Асассин сделал выпад, его кинжал блеснул золотом в предательской тьме. Я увернулся и толкнул его, сбивая с ног, но этот человек был слишком умелым бойцом. Он вскочил и полоснул ножом так быстро, что ранил меня в щеку.

Тяжелые капли упали в пыль. Я ударил его кулаком в живот, а локтем приложил по челюсти. Он выплюнул выбитый зуб, но отступать не собирался.

Асассин умел сражаться, его боевое искусство поражало. У меня подогнулись колени, и я рухнул на землю. Кинжал снова блеснул у моего горла.

– Хочешь что-нибудь передать моему брату, прежде чем я успокою тебя навсегда?

– Да,– тихо отозвался я.– Надеюсь, он оценит мои старания. Я тоже хотел сделать ему подарок.

Асассин схватил меня за волосы, заставляя открыть горло, но в этот миг подставился сам.

Я не промахнулся. Мой нож вошел ему в горло мощно и неотвратимо. Я заревел от ярости и вскочил. Шипя и бранясь, я свалил врага на землю, отрезал ему голову и плюнул в еще теплое лицо.

Оплот асассинов

Я скакал в ночи по дороге, на которой видел одинокого всадника. Наконец подъем стал очень крутым, подножие горы закончилось, и я оказался на узкой извилистой горной тропе, петлявшей по ущелью. Где-то внизу рокотала река, но в темноте я не мог ее разглядеть.

Над дорогой то и дело нависали каменистые уступы. Мне приходилось постоянно пригибаться к шее лошади, чтобы не размозжить голову о камни. Неосторожность в горах может стоить жизни.

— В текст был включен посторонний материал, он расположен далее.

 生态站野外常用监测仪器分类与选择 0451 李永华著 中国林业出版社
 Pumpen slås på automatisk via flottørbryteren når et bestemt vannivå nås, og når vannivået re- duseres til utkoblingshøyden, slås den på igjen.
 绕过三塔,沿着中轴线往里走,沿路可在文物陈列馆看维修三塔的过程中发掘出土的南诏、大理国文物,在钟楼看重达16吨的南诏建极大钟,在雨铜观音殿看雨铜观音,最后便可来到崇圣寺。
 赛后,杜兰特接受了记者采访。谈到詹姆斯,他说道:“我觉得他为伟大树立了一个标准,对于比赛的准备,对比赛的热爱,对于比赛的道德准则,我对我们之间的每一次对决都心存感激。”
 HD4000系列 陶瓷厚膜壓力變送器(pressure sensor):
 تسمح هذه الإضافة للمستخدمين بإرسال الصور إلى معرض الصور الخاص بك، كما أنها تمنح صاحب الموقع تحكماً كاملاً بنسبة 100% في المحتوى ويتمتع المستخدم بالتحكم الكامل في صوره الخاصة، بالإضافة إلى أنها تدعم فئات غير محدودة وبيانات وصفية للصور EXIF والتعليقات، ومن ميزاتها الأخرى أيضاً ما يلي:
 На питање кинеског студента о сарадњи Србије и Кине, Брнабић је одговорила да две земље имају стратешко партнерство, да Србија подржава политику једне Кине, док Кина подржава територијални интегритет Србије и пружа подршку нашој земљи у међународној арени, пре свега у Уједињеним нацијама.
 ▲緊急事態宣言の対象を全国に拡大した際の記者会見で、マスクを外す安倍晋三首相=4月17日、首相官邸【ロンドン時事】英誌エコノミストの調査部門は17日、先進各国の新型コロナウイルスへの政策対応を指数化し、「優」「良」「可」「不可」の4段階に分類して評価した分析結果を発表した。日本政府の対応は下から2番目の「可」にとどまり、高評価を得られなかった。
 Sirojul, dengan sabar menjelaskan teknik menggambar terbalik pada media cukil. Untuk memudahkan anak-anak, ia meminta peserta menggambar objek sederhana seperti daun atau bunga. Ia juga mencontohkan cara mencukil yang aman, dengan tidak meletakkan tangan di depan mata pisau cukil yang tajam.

Я ехал вперед, поднимаясь все выше над равниной, оставшейся за спиной, пока с первыми лучами рассвета не добрался до крепости. Замок венчал вершину огромной скалы. Ветер доносил запах цитрусов и свежих фруктов, и я понял, что слухи о прекрасных садах не выдумка.

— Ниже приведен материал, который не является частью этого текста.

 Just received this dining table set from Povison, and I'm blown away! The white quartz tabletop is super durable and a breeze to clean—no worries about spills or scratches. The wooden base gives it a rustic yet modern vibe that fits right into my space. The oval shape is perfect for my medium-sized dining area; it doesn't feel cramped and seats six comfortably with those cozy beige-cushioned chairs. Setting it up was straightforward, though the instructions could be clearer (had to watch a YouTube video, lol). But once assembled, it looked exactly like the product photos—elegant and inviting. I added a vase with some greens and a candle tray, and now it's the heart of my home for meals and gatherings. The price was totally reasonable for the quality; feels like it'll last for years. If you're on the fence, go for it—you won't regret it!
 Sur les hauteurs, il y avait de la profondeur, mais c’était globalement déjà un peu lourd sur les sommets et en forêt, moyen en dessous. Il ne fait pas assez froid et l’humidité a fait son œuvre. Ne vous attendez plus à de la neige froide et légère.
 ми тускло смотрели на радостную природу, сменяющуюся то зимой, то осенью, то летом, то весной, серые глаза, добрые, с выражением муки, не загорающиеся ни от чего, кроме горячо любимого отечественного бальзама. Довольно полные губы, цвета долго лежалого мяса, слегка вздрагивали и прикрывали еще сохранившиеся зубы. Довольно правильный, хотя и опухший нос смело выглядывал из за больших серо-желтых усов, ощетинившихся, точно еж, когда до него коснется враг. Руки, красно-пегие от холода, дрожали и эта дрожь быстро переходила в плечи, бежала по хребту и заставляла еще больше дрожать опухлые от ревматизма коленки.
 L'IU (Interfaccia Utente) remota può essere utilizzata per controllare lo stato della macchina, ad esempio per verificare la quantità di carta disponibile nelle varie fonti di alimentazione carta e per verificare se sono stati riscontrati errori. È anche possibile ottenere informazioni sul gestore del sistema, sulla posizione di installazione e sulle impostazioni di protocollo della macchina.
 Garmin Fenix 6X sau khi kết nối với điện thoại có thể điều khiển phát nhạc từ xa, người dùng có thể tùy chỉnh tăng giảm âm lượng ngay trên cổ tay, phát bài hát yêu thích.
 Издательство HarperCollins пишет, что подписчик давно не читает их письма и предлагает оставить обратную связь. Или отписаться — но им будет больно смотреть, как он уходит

Холодный ветер насквозь продувал одежду, которую я снял с асассина. Я доскакал до главных ворот замка, подняв над головой золотой кинжал моего несостоявшегося убийцы.

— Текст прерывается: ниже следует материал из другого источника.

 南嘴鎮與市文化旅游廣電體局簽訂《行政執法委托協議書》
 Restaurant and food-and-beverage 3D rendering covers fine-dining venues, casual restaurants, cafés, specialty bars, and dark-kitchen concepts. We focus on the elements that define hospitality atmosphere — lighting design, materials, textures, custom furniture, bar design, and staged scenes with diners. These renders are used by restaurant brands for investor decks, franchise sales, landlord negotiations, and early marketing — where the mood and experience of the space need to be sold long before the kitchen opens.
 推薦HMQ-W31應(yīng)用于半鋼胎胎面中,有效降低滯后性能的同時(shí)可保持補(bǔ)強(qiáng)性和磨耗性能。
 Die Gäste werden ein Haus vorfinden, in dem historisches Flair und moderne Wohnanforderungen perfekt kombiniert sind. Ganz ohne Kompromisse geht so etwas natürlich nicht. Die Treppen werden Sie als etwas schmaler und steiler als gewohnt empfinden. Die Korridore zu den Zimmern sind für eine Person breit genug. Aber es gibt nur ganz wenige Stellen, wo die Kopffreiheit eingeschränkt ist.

Со стен раздались восторженные возгласы и свист – местные жители узнали этот клинок. На меня вопросительно смотрело море лиц.

В ответ я заткнул кинжал за окровавленный пояс и высоко, чтобы все видели, поднял корзинку. И закричал на их языке:

– Он мертв! Он мертв!

По замку пронесся гул одобрительных возгласов, и тяжелые ворота распахнулись передо мной. Меня приветствовали как победителя.

За крепкими каменными стенами оказался прекраснейший на свете сад, в котором росли самые лучшие плодовые деревья. Чуть в стороне сверкали изящные шпили дворца. Так и представлялось, что здесь текут молочные реки с кисельными берегами. Если Атанатос хотел, чтобы гости поверили, будто попали в настоящий рай, то он преуспел. Даже у меня возникло подобное чувство.

Но я знал, что в сердце этих полей блаженных угнездились коварство и злоба.

Я скакал кругами по лужайке парка, держа в руках корзинку и радостно крича. Ко мне сбегались асассины, они приветствовали победителя, не подозревая, что под платком их собрата скрывается злейший враг.

Когда из дворца явился Атанатос, жестокая правда, скрытая в словах Самира, обрушилась на меня со всей тяжестью. Я понял, что это Атанатос, лишь по тому, что окружающие называли его Синаном.